2.3.a.9 koneksi antar materi coaching
Di susun Oleh :
SLAMET WIDODO,S.Pd SD NEGERI 1 SIMO
CGP Angkatan 4 Kab. Boyolali
FILOSOFI KHD : PEMBELAJARAN YANG MENCIPTAKAN WELL BEING
YAITU PEMBELAJARAN YANG PERPIHAK PADA MURID
Filosofi Pendidikan Ki Hajar Dewantara sangatlah relevan dengan dunia
Pendidikan saat ini. Pemikiran-pemikirannya menjadi acuan dan dasar pemerintah
dalam memajukan pendidikan di indonesia.
Menurut beliau bahwa pendidikan adalah proses menuntun tumbuh kembangnya
anak sesuai dengan kodrat dan iradat yang dimilikinya agar anak tersebut
memperoleh kebahagaian dan keselamatan baik sebagai individu maupun bagian dari
masyarakat.
Untuk itu, salah satu proses menuntun tersebut dapat dilakukan dengan cara
coaching.
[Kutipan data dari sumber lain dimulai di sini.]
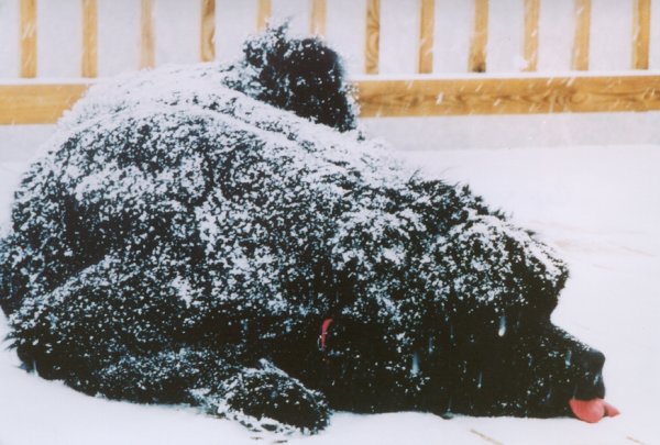 Newfies love the snow "Casey" |
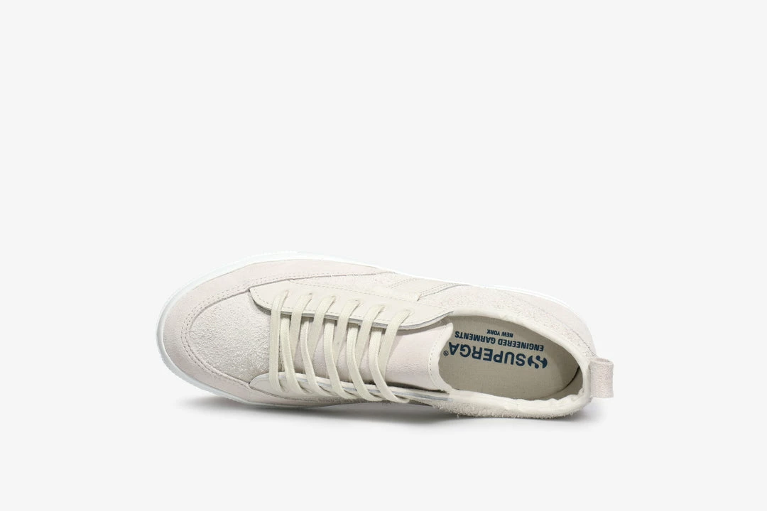 The concept for this shoe combines the elegance of Superga’s tennis shoes with the raw, utilitarian feel of their military goods. Fusing these two attitudes, Daiki has created a rugged shoe that never goes out of style. Engineered Garments x Superga 3420 Mil Low is a military-style silhouette, cut as a low top style like the original army shoe. In signature EG fashion, the canvas material is switched out for a combination of luxurious long and short hair suede and smooth leather, applied asymmetrically – only recognizable up close. The eyelets are installed in the same colour as the shoe for a sleek, low-profile look, and the sole is designed in a vulcanized style of overlapping rubber layers. A final touch comes with the subtle Engineered Garments branding on the side panel. Nearly imperceptible, this embossed logo gives the pair a polished appearance without standing out.
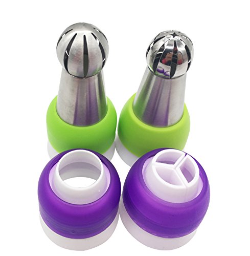Russian Ball Piping Tip Couplers 4Pcs/set, KOOTIPS Two One Hole Coupler and Two Three Hole CouplerFor Large Size Icing Nozzles | Quickly & Easily Attach and Swap Piping Tips
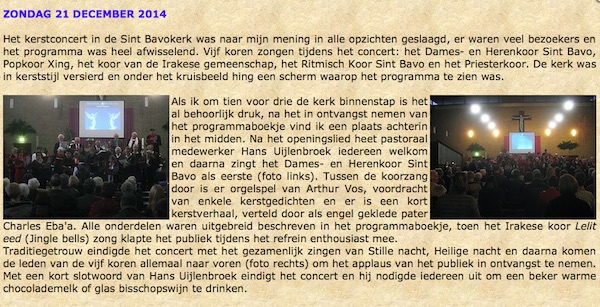 Naar de mening van dagburgemeester Mario Bosch was het kerstconcert in de Sint Bavokerk in alle opzichten geslaagd. Een afwisselend sfeervol programma voltrok zich voor zijn ogen.Op zondag 21 december 2014 scheef Mario Bosch in zijn webolg: Het kerstconcert in de Sint Bavokerk was naar mijn mening in alle opzichten geslaagd, er waren veel bezoekers
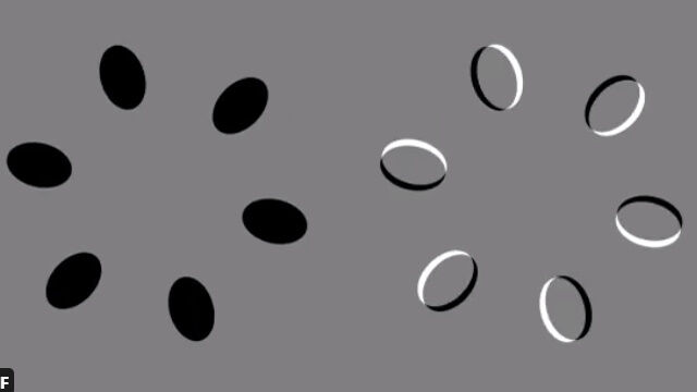 右側で回転しているのは、白、黒、灰色に点滅している6つの楕円形。
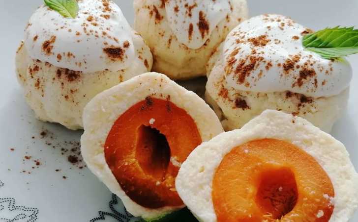 Všechny ingredience smícháme dohromady a vymícháme těsto, které necháme chvilku odpočinout. Poté tvoříme knedlíky pomocí navlhčených rukou, dovnitř dáváme celé meruňky. Knedlíky vaříme ve vroucí vodě, vyndaváme jakmile vyplavou.
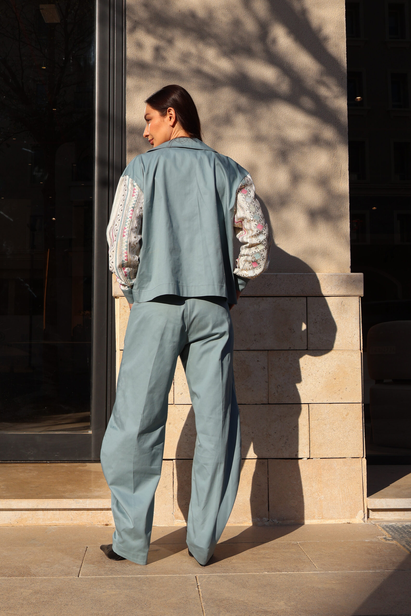 • Matching dusty blue gabardine fabric
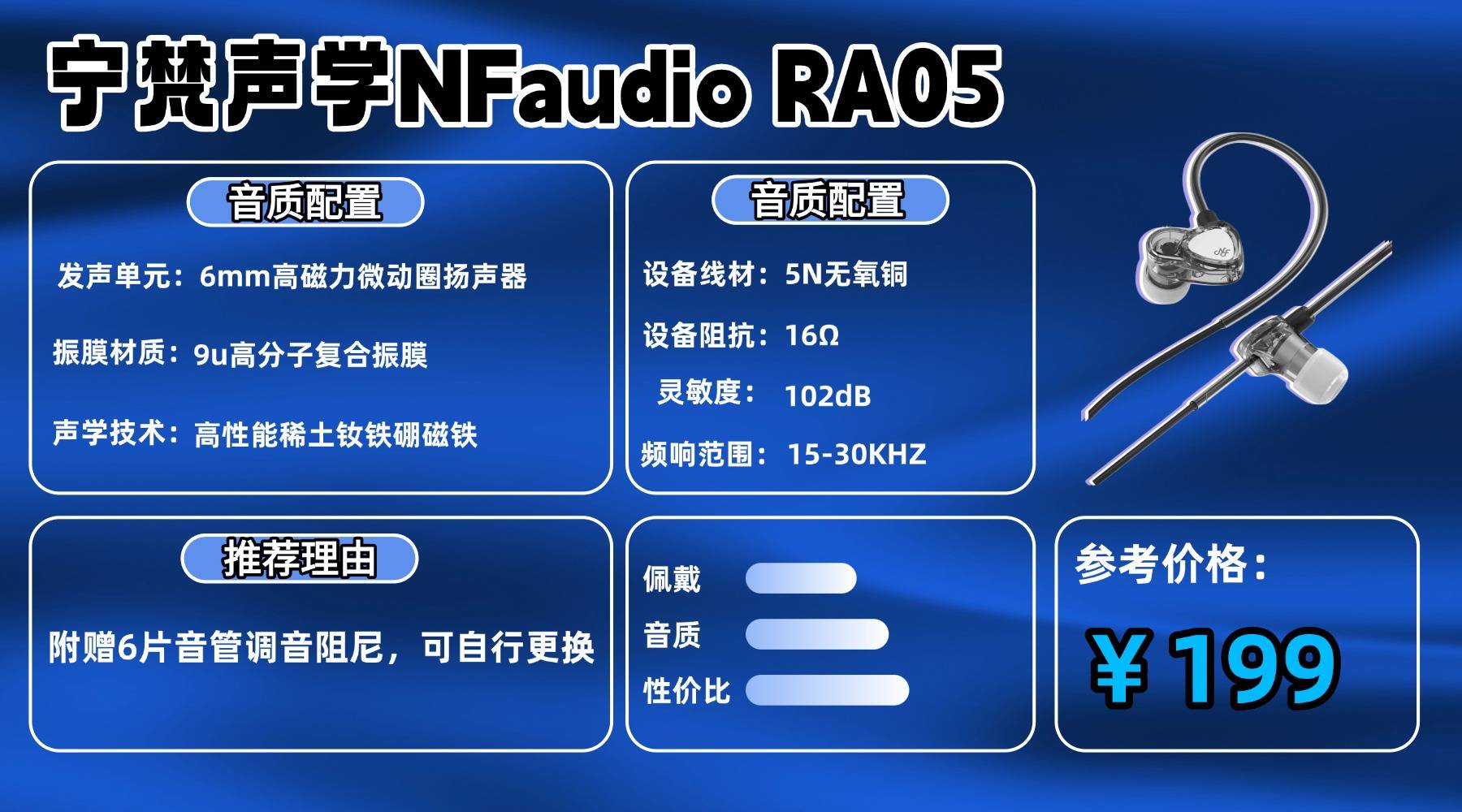 R A 05 的声音风格整体偏向理性自然。6mm 高磁力微动圈搭配 9μm 高分子复合振膜,音色呈现比较克制,器乐线条清晰但不过分强调情绪渲染,细节表达有序,不靠强烈刺激制造存在感。相比更高价位产品,高频的亮度与华丽感稍显保守,整体听感偏平稳。如果习惯重低频或强下潜风格,可能会觉得低频量感略少,需要通过 EQ 或低频取向耳套进行补偿。
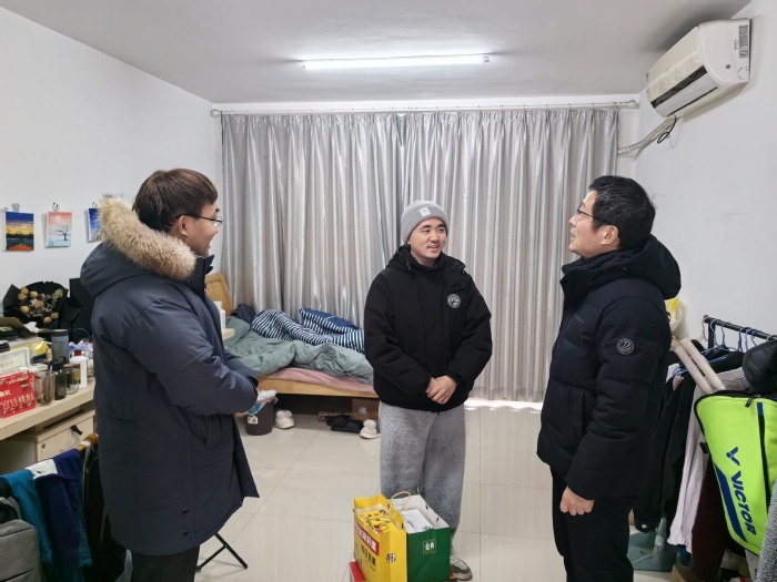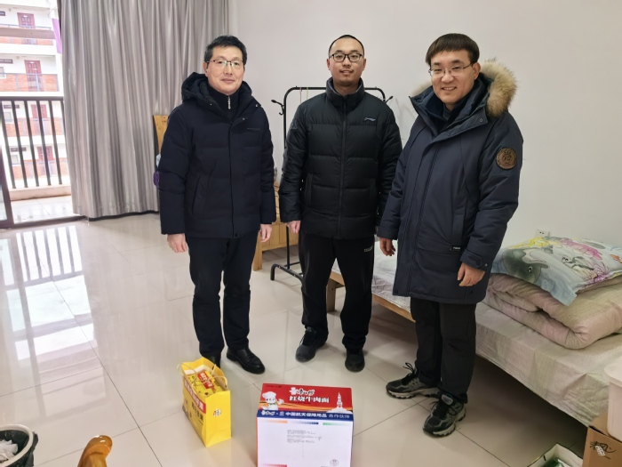 刘晓平一行深入员工宿舍,详细了解留校研究生的生活状况和学习情况。他们关切地询问了同学们在春节期间的生活安排,以及留校开展科研工作的进展。针对研究生的学习、科研、就业等方面,他们给予针对性地指导,提出了切实可行的意见和建议。同时,他们还提醒留校员工务必注意消防安全和交通安全,确保平安过节。最后,学院领导为留校的研究生送上新春大礼包,祝愿他们新春快乐、学业进步。
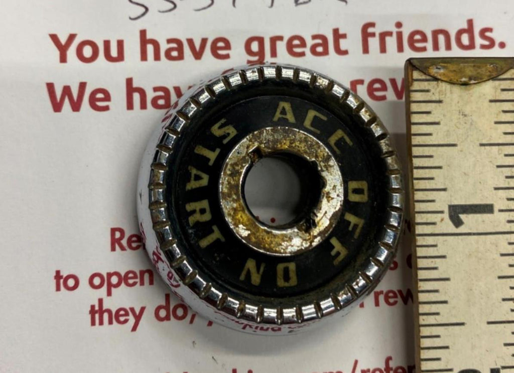 Ignition Switch Emblem Bezel 1955-56-57 T-bird Thunderbird OEM Ford acc on off cleans up nice, has some tape glue on it. make sure it fits your application before purchasing
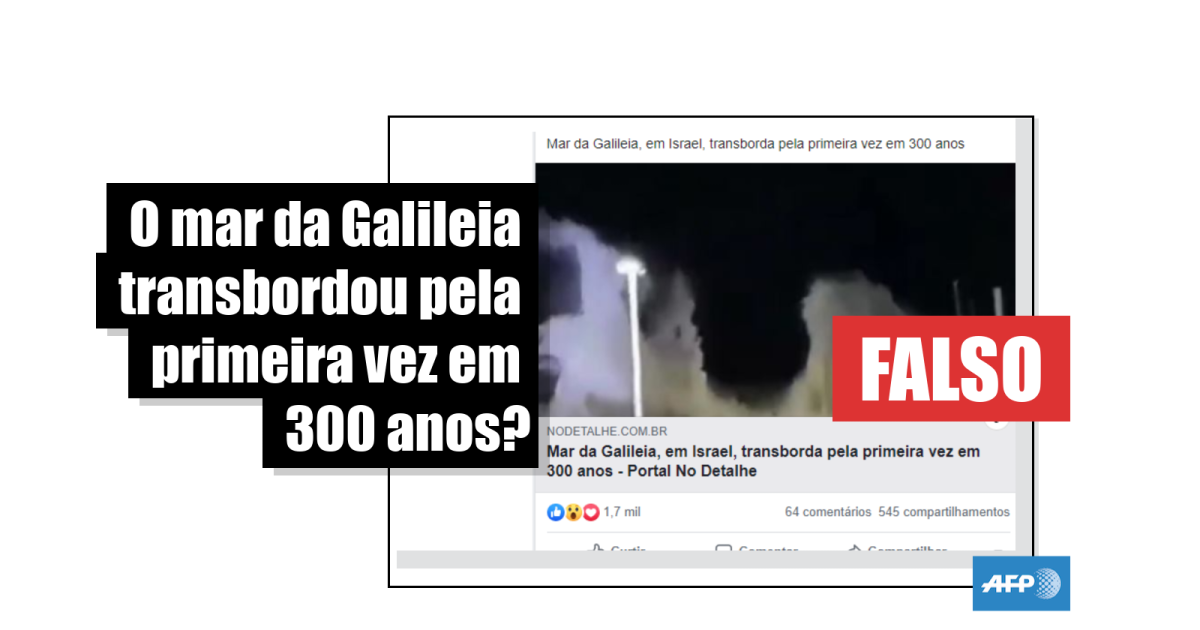 Uma busca pelas palavras-chave em espanhol “mar de Galilea” e “desbordado” (“transbordado”, em tradução livre para o português) no Google, pois foi o idioma cujo vídeo viralizou inicialmente nas redes, levou a um site que desmentia a informação e mostrava, por sua vez, a mesma gravação em um tuíte de 12 de março, um mês antes.
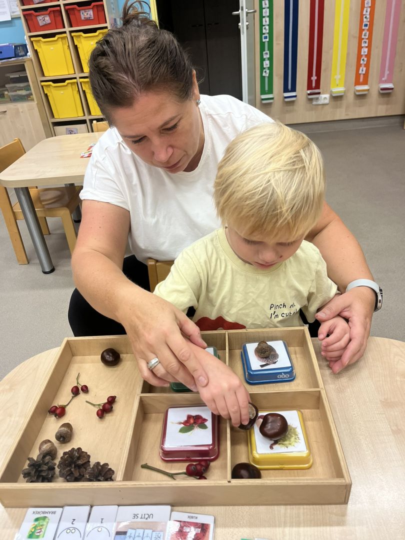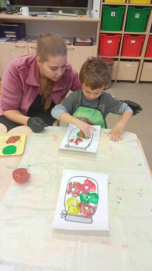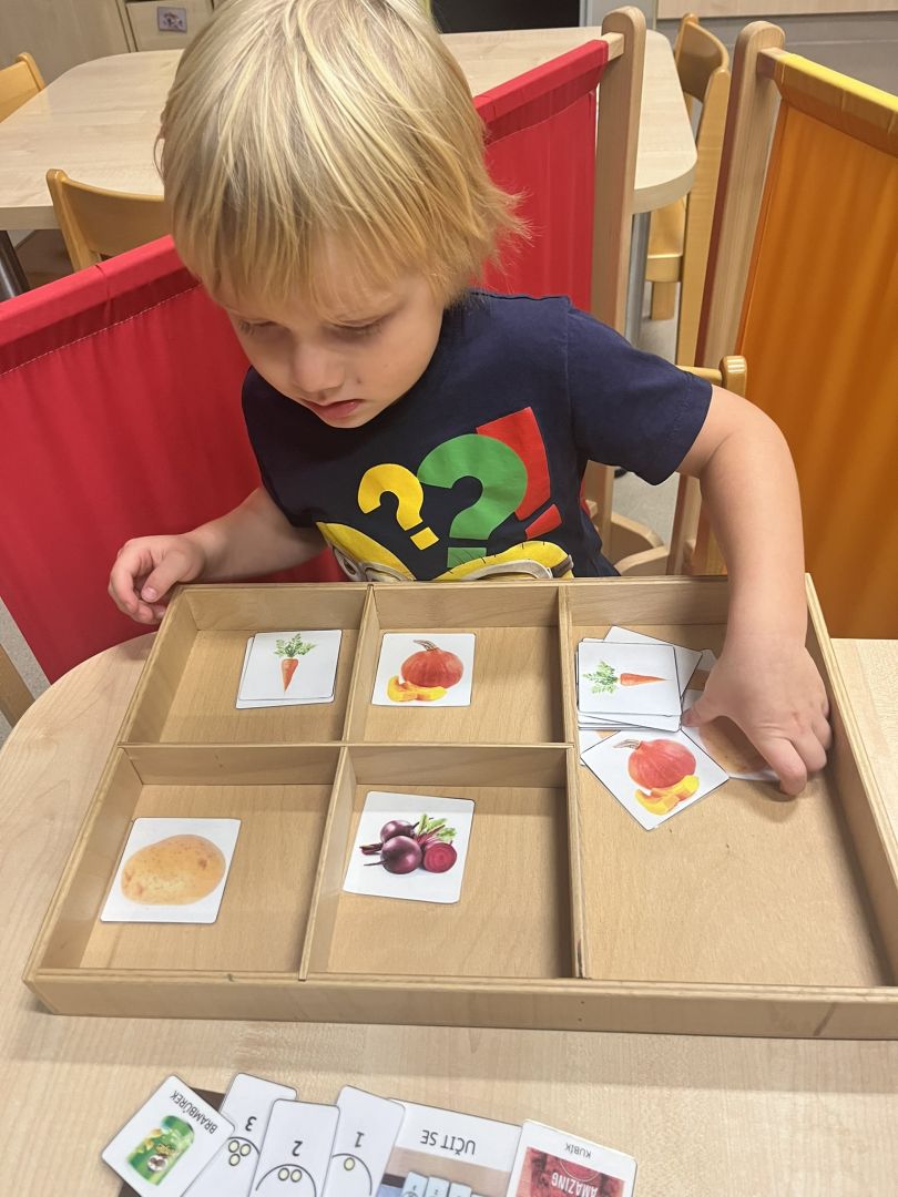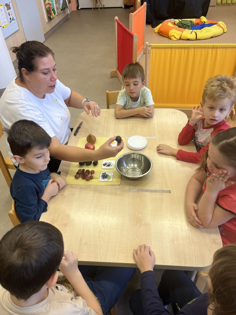 V měsíci říjnu se v naší mateřské škole děti seznámily s kouzlem podzimu, který přináší spoustu barev, vůní a zajímavých témat. Podzim klepe na dvěře - V tématu "Podzim klepe na dveře" se děti seznámily s tím, jak podzim postupně mění přírodu kolem nás. Součástí aktivit je také podpora rozpoznávání změn počasí a přizpůsobení se podzimním podmínkám, což dětem pomáhá zlepšit jejich každodenní dovednosti a samostatnost. Podzimní košík ovoce - V rámci tématu podzimního ovoce jsme se s dětmi zaměřili na to, jak ovoce vnímáme všemi smysly. Děti poznávaly jablka, hrušky, švestky a hrozny nejen pohledem, ale i dotykem, vůní a chutí. Podzimní košík zelenina - V tématu podzimní zeleniny jsme s dětmi objevovali různé druhy zeleniny, jako jsou dýně, mrkev, brambory a zelí. Kromě toho jsme s dětmi chodili do přírody, sbírat podzimní plody a pozorovat, jak se podzim mění kolem nás. V tomto měsíci jsme také začali s canisterapií a muzikoterapií.
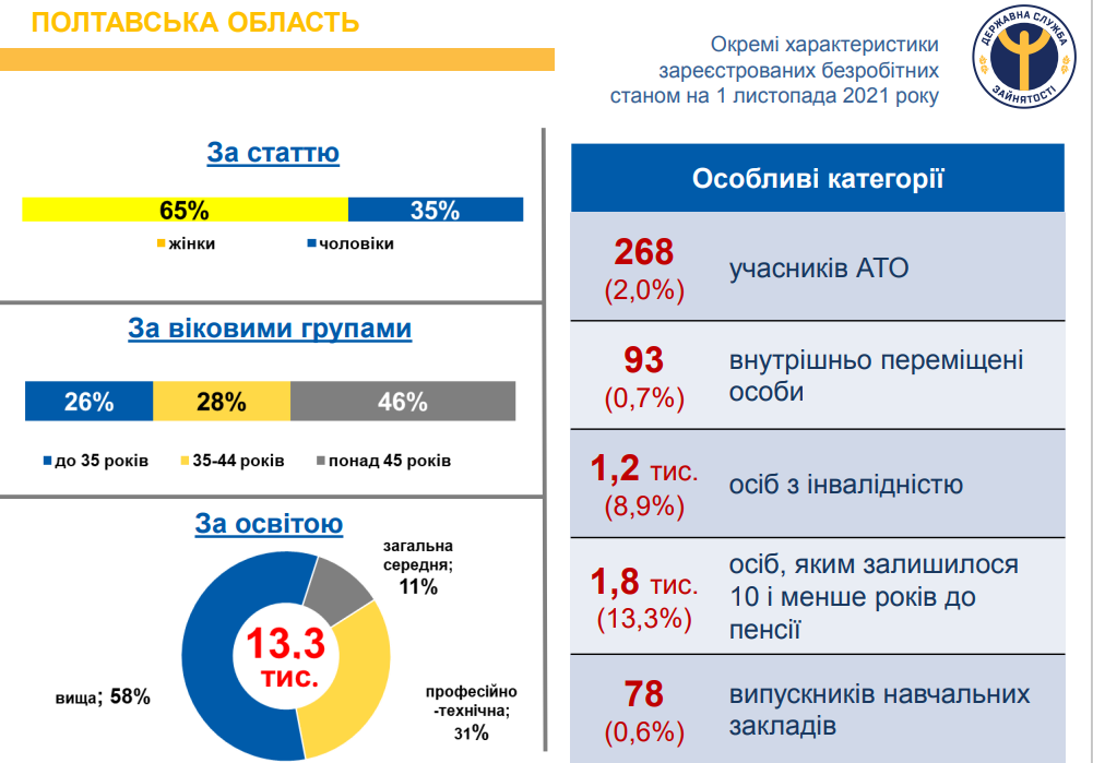 Станом на 1 листопада 2021 року послуги Полтавської обласної служби зайнятості отримували 13,3 тисячі безробітних. Це на 34% менше, ніж на відповідну дату минулого року.

Dalam coaching guru berperan sebagai coach yang dapat menuntun murid
sebagai coachee dengan mengajukan pertanyaan untuk menggali segala potensi dan
kemampuan yang dimiliki murid dengan tujuan menuntun dan mengarahkan untuk
mencari solusi.
Muatan Pembelajaran yang Berpihak Pada Murid
PEMBELAJARAN BERDIFERENSIASI : Rancangan pembelajaran sesuai
kesiapan belajar, minat dan profil belajar murid
PEMBELAJARAN SOSIAL EMOSIONAL : Pembelajaran yang
memperhatikan aspek psikologis murid
COACHING : mengajukan pertanyaan untuk menggali segala
potensi dan kemampuan yang dimiliki murid dengan tujuan menuntun dan
mengarahkan untuk mencari solusi
Definisi Coaching
Coaching adalah sebuah proses kolaborasi yang berfokus pada
solusi, berorientasi pada hasil dan sistematis, dimana coach memfasilitasi
peningkatan atas performa kerja, pengalaman hidup, pembelajaran diri, dan
pertumbuhan pribadi dari coachee (Grant, 1999)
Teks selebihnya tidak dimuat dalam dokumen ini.